1999:427 - BONNETSTOWN, Kilkenny

NMI Burial Excavation Records

County: Kilkenny Site name: BONNETSTOWN

Sites and Monuments Record No.: N/A Licence number: 99E0601

Author: Paul Stevens for Margaret Gowen & Co. Ltd.

Site type: Fulacht fia

Period/Dating: Prehistoric (12700 BC-AD 400)

ITM: E 645626m, N 658835m

Latitude, Longitude (decimal degrees): 52.678759, -7.325268

This site was revealed during archaeological monitoring of a Bord Gáis Éireann gas pipeline development (see No. 426 Excavations 1999). The site was 5km north-west of Kilkenny City, at an elevation of 148m OD, the highest on the pipeline. Bonnetstown townland is on an eastern ridge of the Slieve Ardagh foothills, overlooking Kilkenny City and the Nore valley. Excavation was carried out in August 1999 before development.

This site extended east and west beyond the area of excavation and consisted of a heavily denuded fulacht fiadh with a thin spread of ash and burnt mound material and a small oblong trough or pit, bisected by a modern field boundary. The underlying natural was limestone bedrock and glacial, orange/brown boulder clay, with steeply undulating peaty soils and rough pastureland.

A small pit feature (possibly representing a trough), towards the west of the site, was oblong in plan with a concave profile.
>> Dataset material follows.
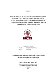 FRANSISKA, IMELDA (2021) PENGARUH RETURN ON ASET (ROA), DEBT TO EQUITY RATIO (DER), ECONOMIC VALUE ADDED (EVA), TOTAL ASSETS TURNOVER (TATO), DAN CURRENT RATIO (CR) TERHADAP RETURN SAHAM PADA PERUSAHAAN MANUFAKTUR YANG TERDAFTAR DI BURSA EFEK INDONESIA PADA TAHUN 2017 – 2019. Skripsi thesis, Universitas Tarumanagara.

It was orientated north-east/south-west, was 1.5m long, 0.75m wide and 0.2m deep, and contained a backfill of burnt mound material of fire-cracked sandstone (50%, 0.06–0.15m in individual diameter) and silty clay (50%). A stake-hole was found 0.37m to the south-east of this pit and was circular in plan with a U-shaped profile.

The denuded burnt mound was irregular and patchy, with areas of dark grey ash and charcoal, fire-cracked sandstone (0.15–0.06m in individual diameters), gravel and dark brown silt. The mound, which was not visible before excavation, covered an area of 9m+ east-west (continuing under the west baulk), 11m north-south and 0.1m in truncated depth.

The insertion of a bank and ditch field boundary, post-dating the 1839–40 1st edition OS map, both bisected and levelled this site. A scattered layer of mound material, builders' rubble and gravel represented the construction phase of the field boundary.